The second "k" could be aliased by the compiler to the first one
and stored at the same memory location.

> Is it because each for loop execution is considered as separte
> block,its allocating in the same address?
> or is it allocated memory only once?

For lcc-win it is the second.

--
jacob navia
jacob at jacob point remcomp point fr
logiciels/informatique
http://www.cs.virginia.edu/~lcc-win32

jacob navia wrote:

<snip>

> main()
> {
> int i,j, *pint;
> for(i=0;i<10;i++){
> int k = i;
> printf("%d %p = *%d\n",i,&k,k);
> pint=&i;
> }
> *pint = 789; // Accessing illegal storage
> }
>
> This would work on lcc-win since the storage is still valid.
> I would not do this since it is absolutely non portable.
> Other compilers could implement other strategies.

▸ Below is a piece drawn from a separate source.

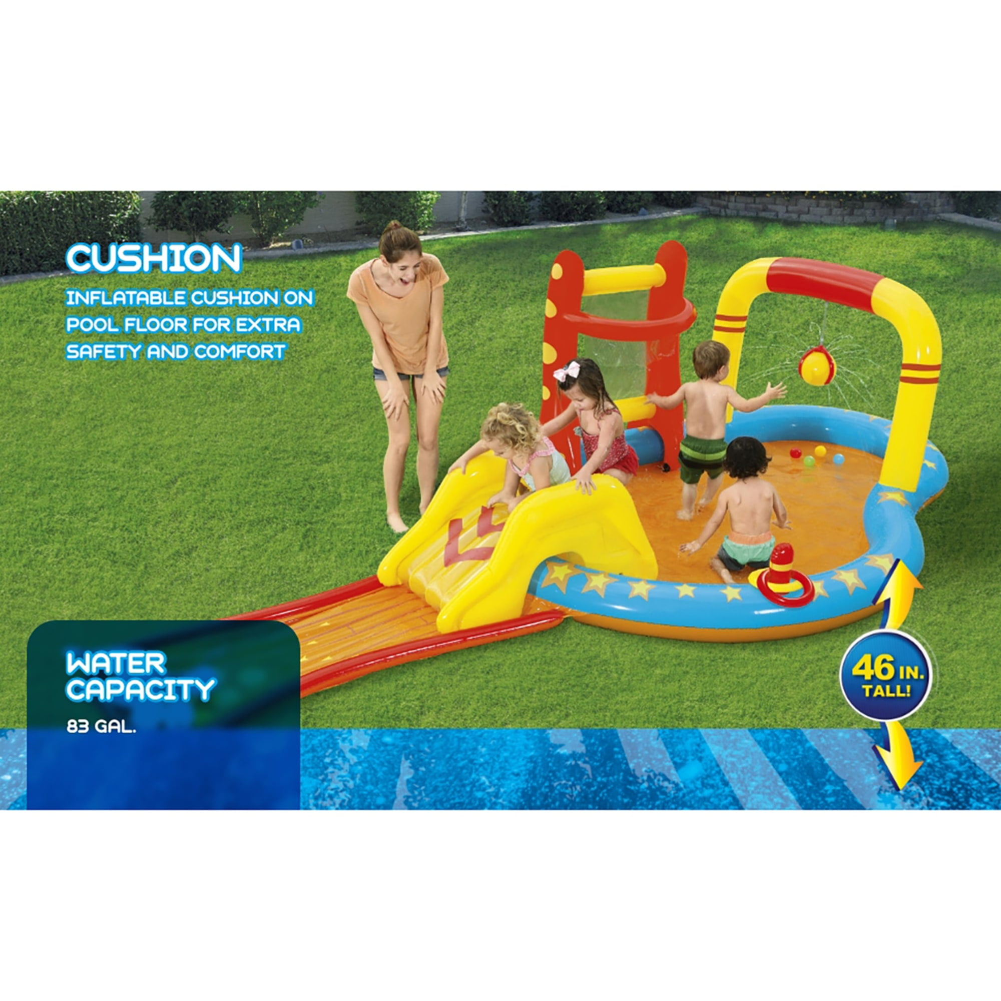 Designed to get kids moving, grooving and out of the house, the H2OGO!® Lil’ Champ Play Center by Bestway is quality-tested and puts the focus back on fun! This play center has it all for a fun day of sports! Bowling, basketball, tether ball and a fun ring toss turn this play center into a mini-waterpark that will keep your kids having fun and keeping score while they play the day away. Also included is a removable slide that can be tied down with tie ropes and grommets. The multicolor Play Center comes with 6 bowling pins, 2 inflatable rings, and 4 play balls. The inflatable cushion on the pool floor provides extra comfort for any child. The water sprayer attaches to your garden hose, keeping your kids cool during the hot summer months! With enough room for friends, splashing in the sun has never been more fun than with the H2OGO! Lil’ Champ Play Center! Weight capacity is 198 pounds. Suitable for ages 2 years and up.

I hope as a QoI issue lcc-win issues a diagnostic for such uses?

<snip>

Kaz Kylheku <kkylheku@gmail.com> writes:

> On Jan 30, 10:25pm, poornimampra...@gmail.com wrote:

>> int k = i;
>> printf("%d %p = *%d\n",i,&k,k);

[%p takes a 'void*' and '&k' isn't one]

> There is also this possibility: the address of k was produced only
> because you asked for it with the & operator, and the existence of
> this address doesn't prove that the value of k is actually ever stored
> there.

In the case that the programmer examines 'k', is the implementation
permitted to behave as if 'k' does _not_ contain the value of 'i'?

mlp

jacob navia <jacob@nospam.com> writes:

> main()
> {
> int i,j, *pint;
> for(i=0;i<10;i++){
> int k = i;
> printf("%d %p = *%d\n",i,&k,k);
> pint=&i;
> }
> *pint = 789; // Accessing illegal storage

What's illegal about it?

If the last statement inside the loop body had instead been
pint=&k;
then you might have a point.

mlp

Mark L Pappin wrote:
> jacob navia <jacob@nospam.com> writes:
>
>> main()
>> {
>> int i,j, *pint;
>> for(i=0;i<10;i++){
>> int k = i;
>> printf("%d %p = *%d\n",i,&k,k);
>> pint=&i;
>> }
>> *pint = 789; // Accessing illegal storage
>
> What's illegal about it?
>
> If the last statement inside the loop body had instead been
> pint=&k;
> then you might have a point.
>
> mlp

Yes, I mistyped the name of the variable

Thanks


--
jacob navia
jacob at jacob point remcomp point fr
logiciels/informatique
http://www.cs.virginia.edu/~lcc-win32

In article <fns04t$ve0$1@aioe.org>, santosh <santosh.k83@gmail.com> wrote:
>poornimamprabhu@gmail.com wrote:

>> printf("%d %p = *%d\n",i,&k,k);

>You probably want:

> printf("%d\t%p = %d\n", i, (void *)&k, k);

>Also the '*' character in your format string
>specifies that the following formatting operation be of the minimum
>field width specified by the corresponding argument to '*'. In this
>case it is the fourth printf() argument and thus, the final 'd'
>specifier is left without an argument, invoking undefined behaviour.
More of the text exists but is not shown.